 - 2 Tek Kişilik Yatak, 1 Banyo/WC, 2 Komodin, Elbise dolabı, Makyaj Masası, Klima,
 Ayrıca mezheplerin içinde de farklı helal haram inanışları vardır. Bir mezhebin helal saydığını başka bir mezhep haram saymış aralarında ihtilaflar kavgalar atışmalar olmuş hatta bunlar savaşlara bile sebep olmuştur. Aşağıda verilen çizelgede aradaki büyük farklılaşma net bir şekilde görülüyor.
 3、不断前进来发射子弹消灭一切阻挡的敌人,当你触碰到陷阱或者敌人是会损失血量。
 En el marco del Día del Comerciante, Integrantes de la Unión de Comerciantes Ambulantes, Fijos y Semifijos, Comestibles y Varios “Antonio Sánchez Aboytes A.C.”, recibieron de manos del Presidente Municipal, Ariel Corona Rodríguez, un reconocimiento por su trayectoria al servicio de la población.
--
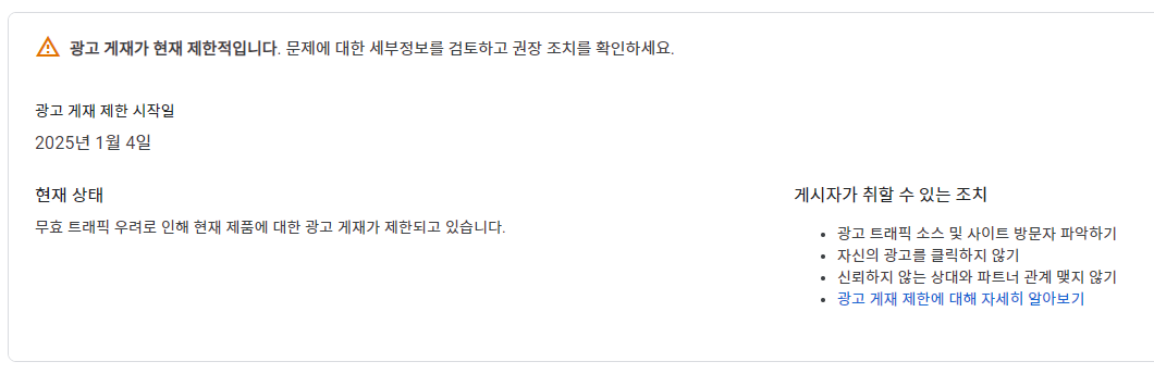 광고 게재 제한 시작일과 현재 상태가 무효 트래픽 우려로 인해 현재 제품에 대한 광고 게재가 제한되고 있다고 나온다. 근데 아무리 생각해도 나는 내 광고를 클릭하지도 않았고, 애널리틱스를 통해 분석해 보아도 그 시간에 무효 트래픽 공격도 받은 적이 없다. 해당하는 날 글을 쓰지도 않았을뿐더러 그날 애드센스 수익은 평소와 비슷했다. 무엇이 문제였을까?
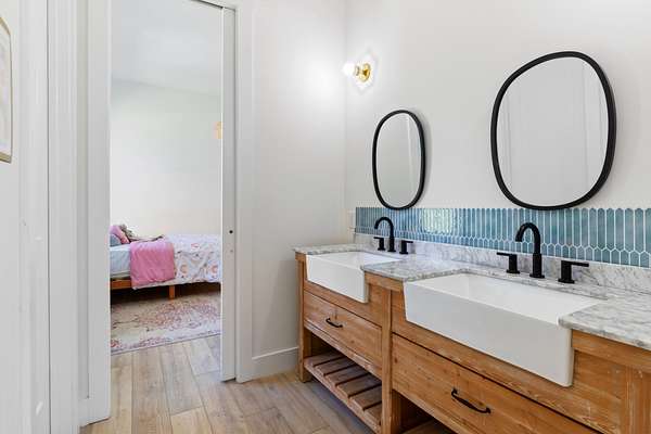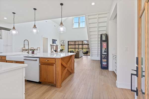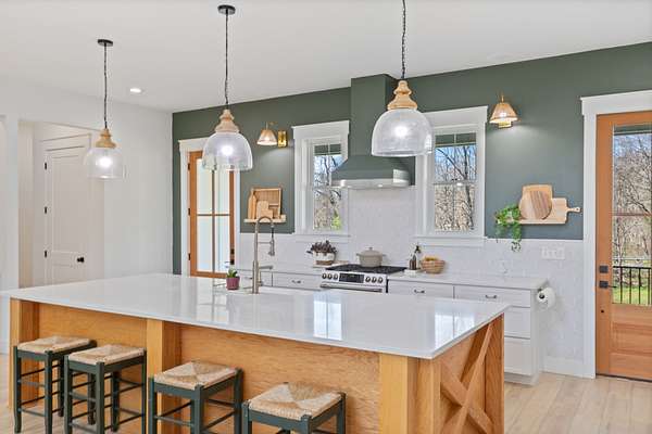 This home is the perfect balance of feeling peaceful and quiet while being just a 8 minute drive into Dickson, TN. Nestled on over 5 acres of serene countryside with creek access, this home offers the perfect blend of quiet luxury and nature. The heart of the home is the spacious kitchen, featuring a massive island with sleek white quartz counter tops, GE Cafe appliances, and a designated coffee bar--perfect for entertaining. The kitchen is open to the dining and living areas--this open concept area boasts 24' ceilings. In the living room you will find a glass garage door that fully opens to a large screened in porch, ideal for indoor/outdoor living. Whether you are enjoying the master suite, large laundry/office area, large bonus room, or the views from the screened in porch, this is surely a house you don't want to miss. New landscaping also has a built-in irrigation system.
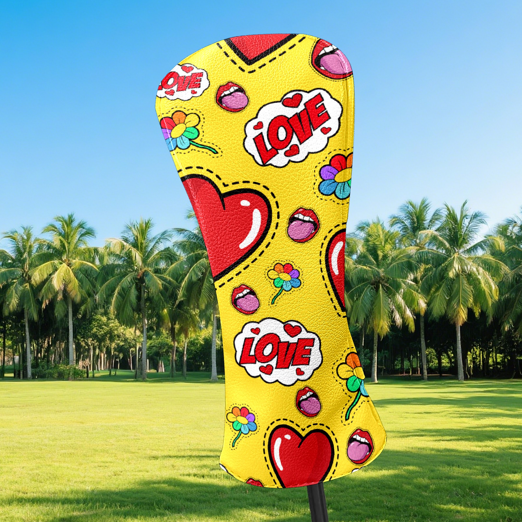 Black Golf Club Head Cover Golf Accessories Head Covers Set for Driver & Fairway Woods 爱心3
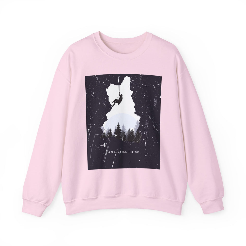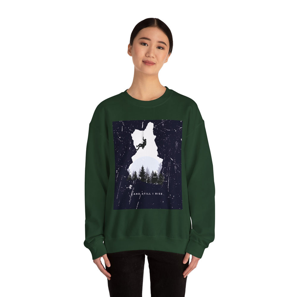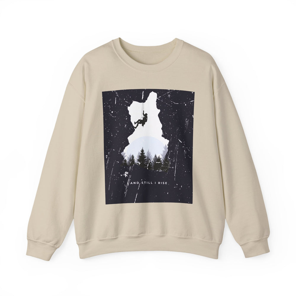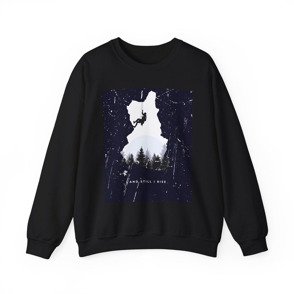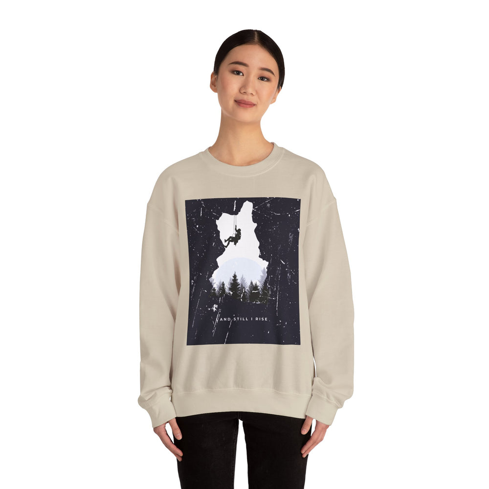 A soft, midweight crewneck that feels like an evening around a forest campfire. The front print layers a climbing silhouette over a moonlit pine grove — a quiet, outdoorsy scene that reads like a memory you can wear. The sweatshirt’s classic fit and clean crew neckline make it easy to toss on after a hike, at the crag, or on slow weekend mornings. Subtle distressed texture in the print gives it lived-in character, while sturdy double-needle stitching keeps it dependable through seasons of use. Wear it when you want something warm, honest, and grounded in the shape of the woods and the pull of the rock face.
* * *
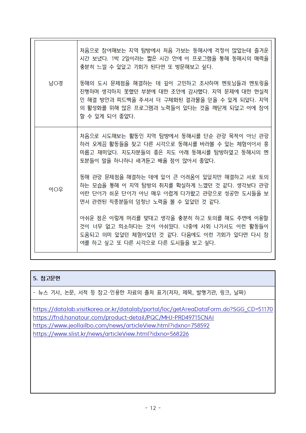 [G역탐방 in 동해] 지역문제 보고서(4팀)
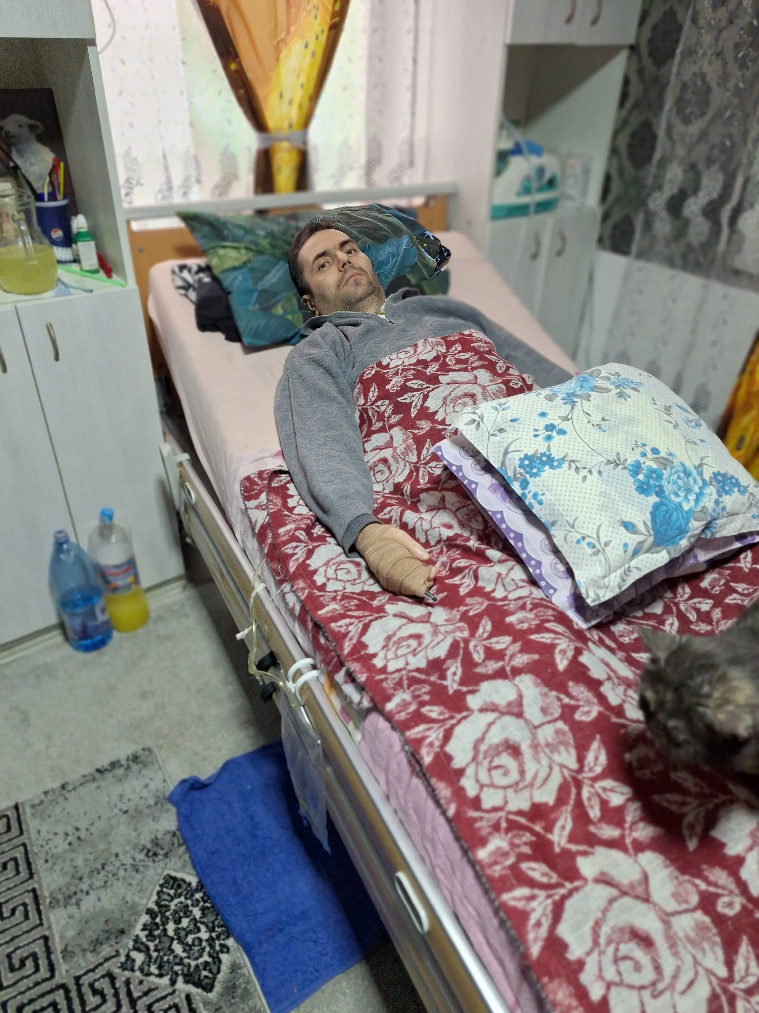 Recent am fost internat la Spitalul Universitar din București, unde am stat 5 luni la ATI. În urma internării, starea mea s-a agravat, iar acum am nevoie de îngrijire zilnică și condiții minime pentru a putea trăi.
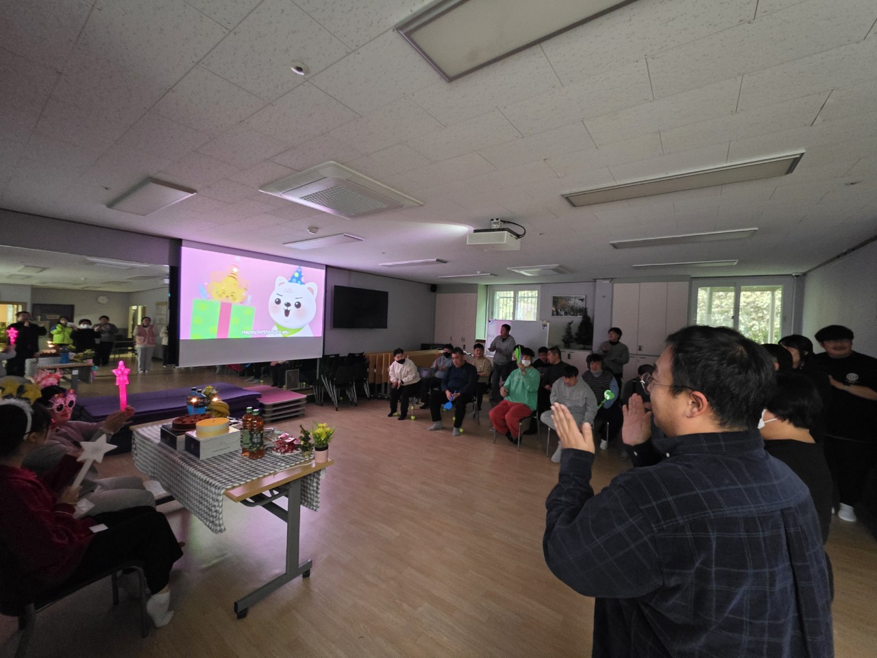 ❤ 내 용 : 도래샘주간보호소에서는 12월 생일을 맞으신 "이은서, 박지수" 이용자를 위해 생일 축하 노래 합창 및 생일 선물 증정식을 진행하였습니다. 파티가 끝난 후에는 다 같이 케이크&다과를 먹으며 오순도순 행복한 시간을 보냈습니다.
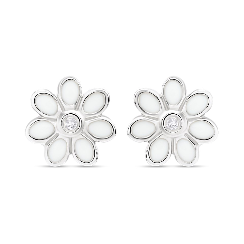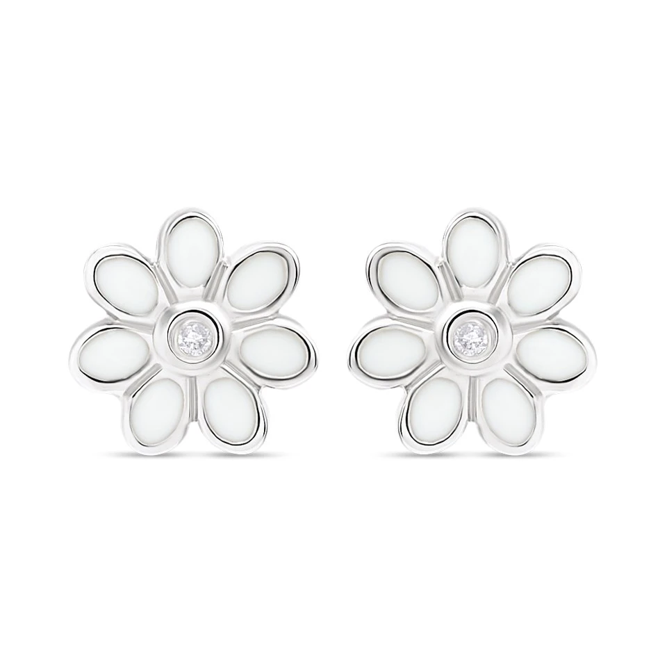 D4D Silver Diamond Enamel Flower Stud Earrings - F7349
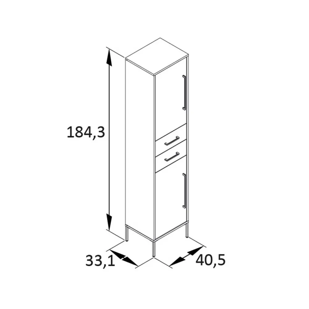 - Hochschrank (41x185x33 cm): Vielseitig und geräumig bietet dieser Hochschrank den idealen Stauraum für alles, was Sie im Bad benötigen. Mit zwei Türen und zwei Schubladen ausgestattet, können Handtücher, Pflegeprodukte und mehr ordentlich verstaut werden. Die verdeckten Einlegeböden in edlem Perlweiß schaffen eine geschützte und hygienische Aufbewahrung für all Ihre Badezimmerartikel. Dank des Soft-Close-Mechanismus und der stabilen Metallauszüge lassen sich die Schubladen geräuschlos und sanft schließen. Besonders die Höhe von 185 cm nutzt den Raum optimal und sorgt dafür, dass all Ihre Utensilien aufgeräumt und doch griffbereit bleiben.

## EXERCISE REQUIREMENTS
Please copy the lines above exactly, starting at the line that holds "[G역탐방 in 동해] 지역문제 보고서(4팀)" and ending at the line that holds "D4D Silver Diamond"; include both, but no pictures.

## ANSWER TO THIS EXERCISE
 [G역탐방 in 동해] 지역문제 보고서(4팀)
 Recent am fost internat la Spitalul Universitar din București, unde am stat 5 luni la ATI. În urma internării, starea mea s-a agravat, iar acum am nevoie de îngrijire zilnică și condiții minime pentru a putea trăi.
 ❤ 내 용 : 도래샘주간보호소에서는 12월 생일을 맞으신 "이은서, 박지수" 이용자를 위해 생일 축하 노래 합창 및 생일 선물 증정식을 진행하였습니다. 파티가 끝난 후에는 다 같이 케이크&다과를 먹으며 오순도순 행복한 시간을 보냈습니다.
 D4D Silver Diamond Enamel Flower Stud Earrings - F7349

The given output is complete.